Wii Case Study - Nintendo’s Strategy for the Video Game Business

Author

Vandelyn Nichols

By the mid-2000s, the video game industry had settled into a familiar pattern. Sony, Microsoft, and Nintendo were all competing to build faster, more powerful consoles with better graphics, larger storage capacity, and increasingly advanced gameplay. While each new generation of hardware represented a technical improvement, companies were still competing for the same group of experienced gamers, making it increasingly difficult to grow by simply building a better version of the previous console. Nintendo recognized that its biggest challenge was not building a better gaming console—it was deciding which customers were worth building a console for (Hunter 2013).

Nintendo’s strategy was not to take customers away from Sony and Microsoft—it was to grow the market itself. Families, older adults, casual players, and first-time gamers became the audience Nintendo built the Wii around (Hunter 2013; Kim and Mauborgne 2005). Reaching those customers required Nintendo to rethink who the gaming industry had been building products for and design the Wii around what those customers actually wanted (Rusetski 2012).

Once Nintendo knew who it was building the Wii for, every major decision became much clearer. Rather than investing in faster processors or better graphics, Nintendo invested in motion controls, intuitive gameplay, family-friendly experiences, and a lower price point. Someone who had never played a video game before could pick up the Wii Remote, swing it like a tennis racket or roll it like a bowling ball, and immediately understand how to play. Just as importantly, people who would normally watch from the sidelines suddenly wanted to join in. The controller, games, price, and overall experience were all designed around the needs of that audience. Nintendo was not asking people to adapt to gaming; it adapted gaming to fit the way people already spent time with family and friends (Ewalt 2006; Hunter 2013; Rusetski 2012).

Those choices came with meaningful tradeoffs. Nintendo knew the Wii would never match Sony or Microsoft on technical performance, so instead of competing on those terms, it built an experience aimed at people who had never seen themselves as gamers. The console was designed to be simple, fun, and affordable, appealing to a much broader audience than the industry had traditionally targeted. Opting for less expensive hardware also allowed Nintendo to sell the Wii at a lower price while still turning a profit on every unit sold.
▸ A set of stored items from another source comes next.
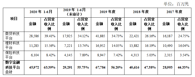 招股书显示:从2019年开始,蚂蚁集团覆盖花呗、借呗等借贷业务的“数字金融科技平台”收入占比超过支付业务,成为收入大头。
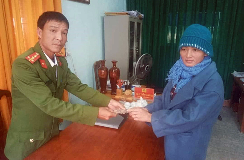 Công an xã An Ninh trao trả lại số tiền bị đánh mất cho chị Võ Thị Liên, thôn Hoành Vinh, xã An Ninh.
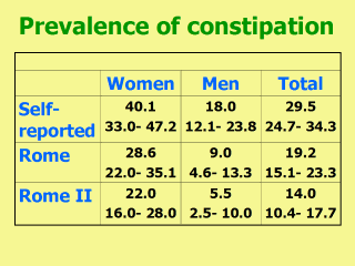 The prevalence of constipation was significantly greater among women according to all criteria.
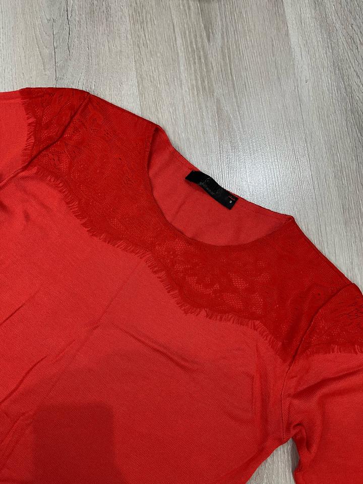 Новая кофта с кружевом в кораловом цвете, рукава 3/4 ,размер s Артикул: 574002
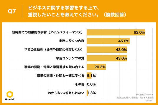 Q1で「積極的に行いたい」「どちらかというと行いたい」と回答した方に、「Q7.ビジネスに関する学習をする上で、重視したいことを教えてください。(複数回答)」(n=79)と質問したところ、「短時間での効果的な学習(タイムパフォーマンス)」が62.0%、「実務に役立つ内容」が45.6%という回答となりました。
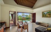 Blending traditional and modern Balinese design, each villa is air-conditioned and equipped with premium amenities, including flat-screen TVs, wardrobes, and personal safes. Select villas also feature seating and dining areas, along with fully equipped kitchens that include dishwashers, ovens, electric kettles, minibars, and toasters. Private bathrooms offer both bathtubs and showers for ultimate relaxation.
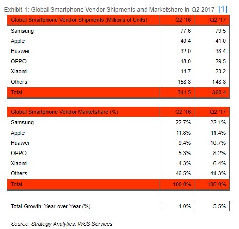 For the past one year, the top 5 is usually dominated by Samsung and Apple, followed by the typical Chinese giants such as Huawei, OPPO and vivo. According to Strategy Analytics’ global smartphone market share report for Q2 2017, Xiaomi has made a comeback by shipping 23.2 million phones in the last quarter, beating vivo from the number 5 spot.
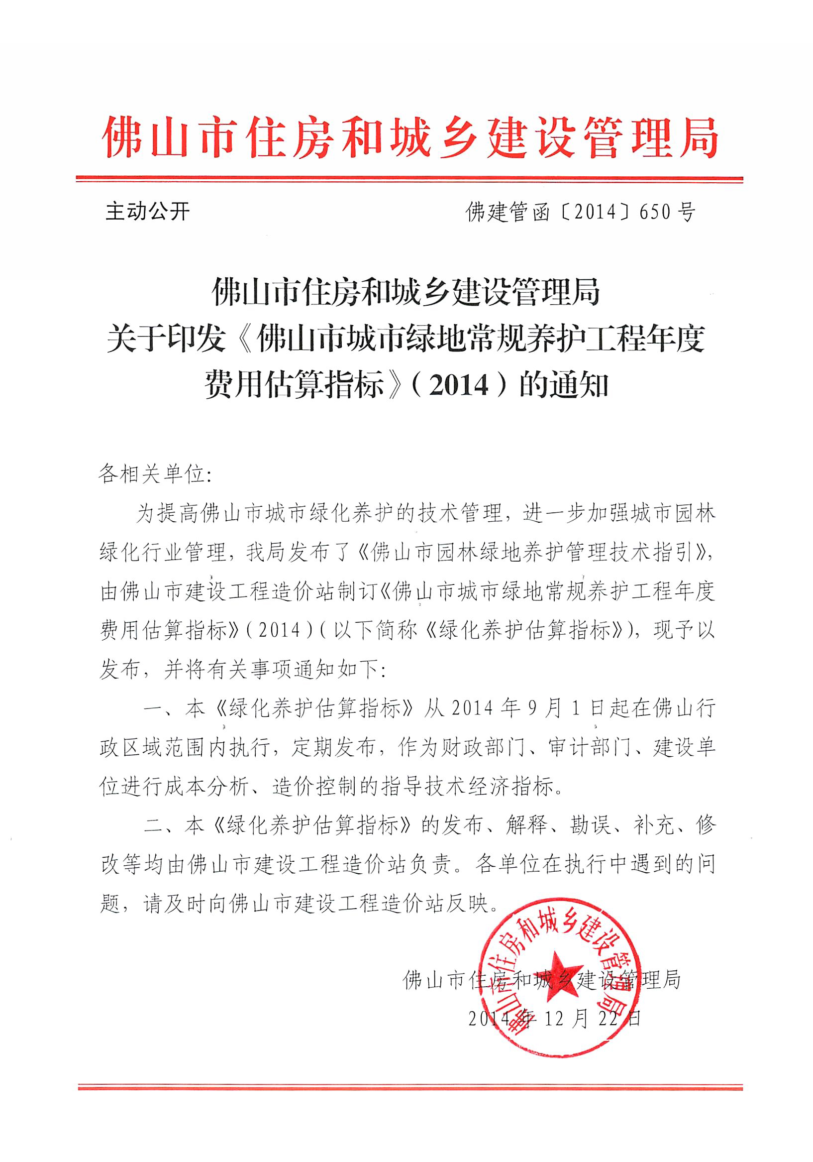 佛山市住房和城鄉建設管理局關于印發《佛山市城市綠地常規養護工程年度費用估算指標》(2014)的通知
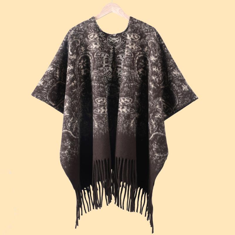 Женская двухсторонняя утолщенная накидка-шаль с принтом, ретро, с бахромой и разрезами, теплая накидка для путешествий на осень и зиму
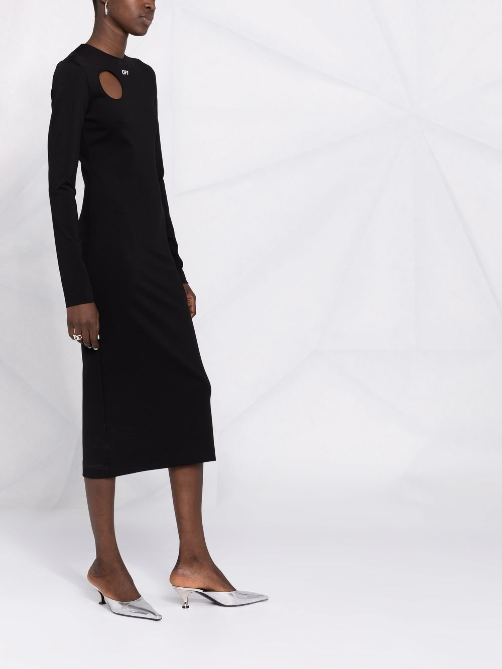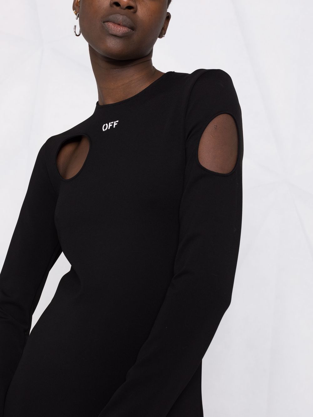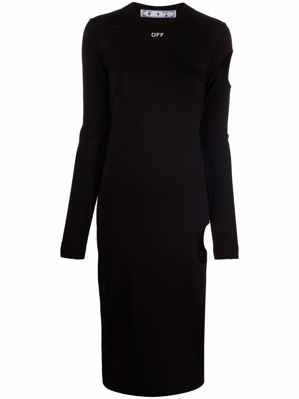 A common theme throughout Off-White’s collections, the Metor motif is characterised by bold cut-out detailing, as seen in this black-hued dress. Alongside a chest logo, this pattern adds an unmistakable branded finish to this long-sleeved silhouette, offering a sense of charisma to its knitted design.
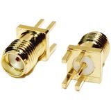 - SMA female for 1.6mm thick solder edge PCB mount straight RF connector
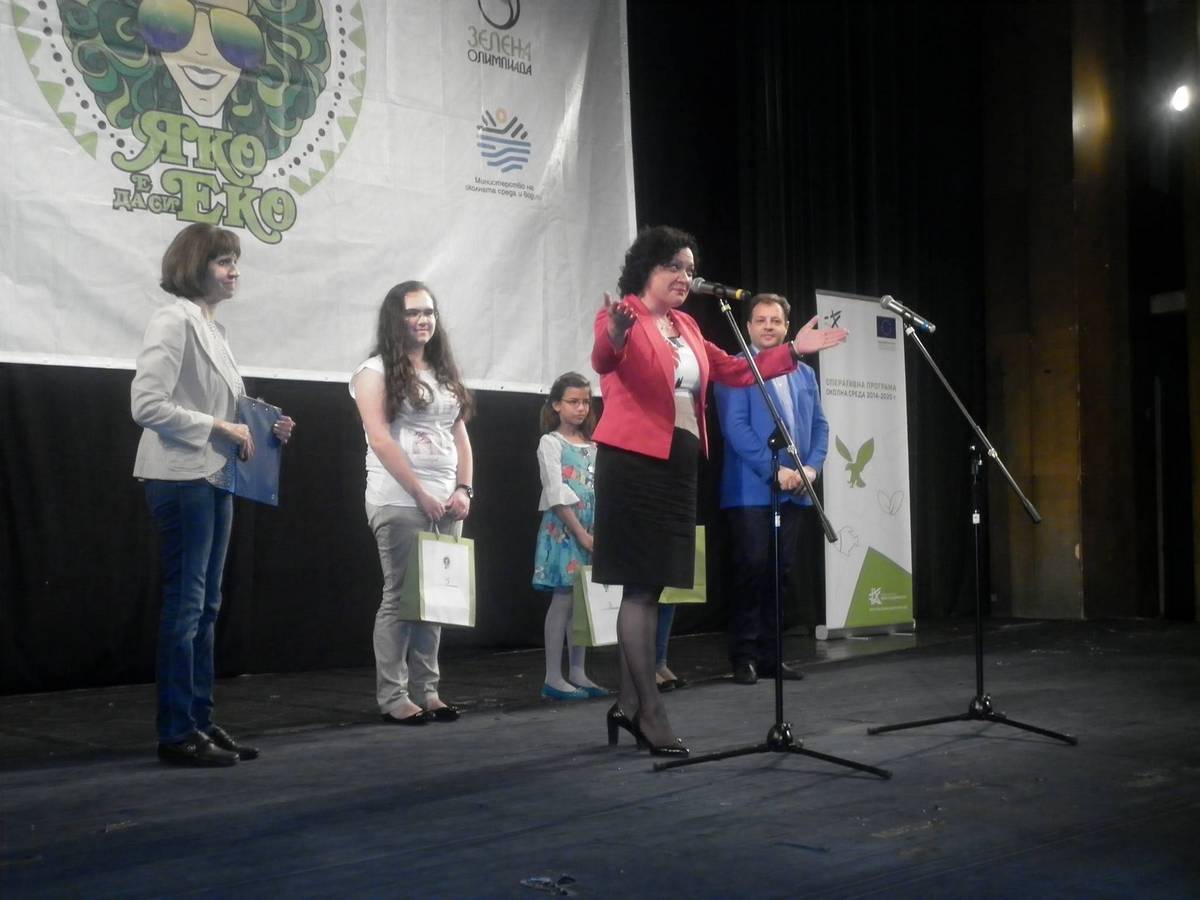 За четвърта година МОСВ /Министерство на околната среда и водите/ и Академика БГ организират Зелена олимпиада. „Яко е да си еко!“-това е мотото на тазгодишната кампания на МОСВ. В нея учениците решават тест като показват знанията си за природата и нейното опазване. След провеждане на олимпиадата следва отличаване на най-добрите. За популяризиране на събитието тази година във всяка област се проведе спектакъл с двама любими актьори-Димитър Рачков и Васил Василев-Зуека. Най-вълнуващо за нашето училище тази година е първото място на Любослава Петрова от VІІ а клас. На церемонията проведена в Държавен театър „Константин Кисимов“ , Велико Търново, наградите бяха връчени от министър Ивелина Василева и кмета на град Велико Търново. Вълнението е напълно заслужено, защото сред 7000 участници Любослава Петрова е отличена като победител в групата 5-8 клас. А наградата е смартфон.

While Sony and Microsoft continued investing in more advanced technology to satisfy experienced gamers, Nintendo recognized that, for many people, an enjoyable experience mattered far more than raw performance (Ewalt 2006; Hunter 2013).

Rather than trying to appeal to every type of gamer, Nintendo stayed focused on the audience it set out to reach. Every major decision—from the controller and the games to the price and the overall experience—supported that same goal. None of those decisions would have had the same impact on their own. Together, they created gaming that was approachable, enjoyable, and different from anything else on the market. That combination, more than any single feature, gave millions of people a reason to see themselves as gamers (Martin 2014).

The real risk for Nintendo was not the console itself—it was betting that millions of people who had never considered themselves gamers would buy one if the experience felt simple, familiar, and worth bringing into their homes. That was not a small bet because the rest of the industry was still focused on selling better technology to the same group of experienced gamers (Rusetski 2012). If those assumptions were wrong, Nintendo would have launched a console less powerful than its competitors while also disappointing many of its existing customers. By deciding who it wanted to serve, Nintendo also accepted that some gamers would prefer Sony or Microsoft. Rather than chasing every customer, it focused on building the best experience for the customers it believed represented the greatest opportunity.

Satoru Iwata, Nintendo’s president at the time, was not simply introducing a new product; he was committing the company to a completely different direction without knowing whether the market would respond. Instead of trying to gain a larger share of an established market, Nintendo accepted the uncertainty of pursuing customers who had never considered themselves gamers. Nintendo’s strategy succeeded because every major decision supported the same goal, accepted the tradeoffs those choices required, and stayed focused on the audience it set out to reach. Rather than following the industry’s definition of success, Nintendo created its own—and in doing so, brought millions of new customers into the gaming market (Martin 2014).

References

Ewalt, David M. 2006. “Nintendo’s Wii Is a Revolution.” Forbes. https://www.forbes.com/2006/11/13/wii-review-ps3-tech-media-cx_de_1113wii.html.
Hunter, Jason. 2013. The Nintendo Wii: Lessons Learned from Noncustomers. Insead.
Kim, W. Chan, and Renée Mauborgne. 2005. Blue Ocean Strategy: How to Create Uncontested Market Space and Make the Competition Irrelevant. Boston, MA: Harvard Business School Press.
Martin, Roger L. 2014. “The Big Lie of Strategic Planning.” Harvard Business Review 92 (1/2): 3–8.
Rusetski, Alexander. 2012. “The Whole New World: Nintendo’s Targeting Choice.” Journal of Business Case Studies (Online) 8 (2): 197.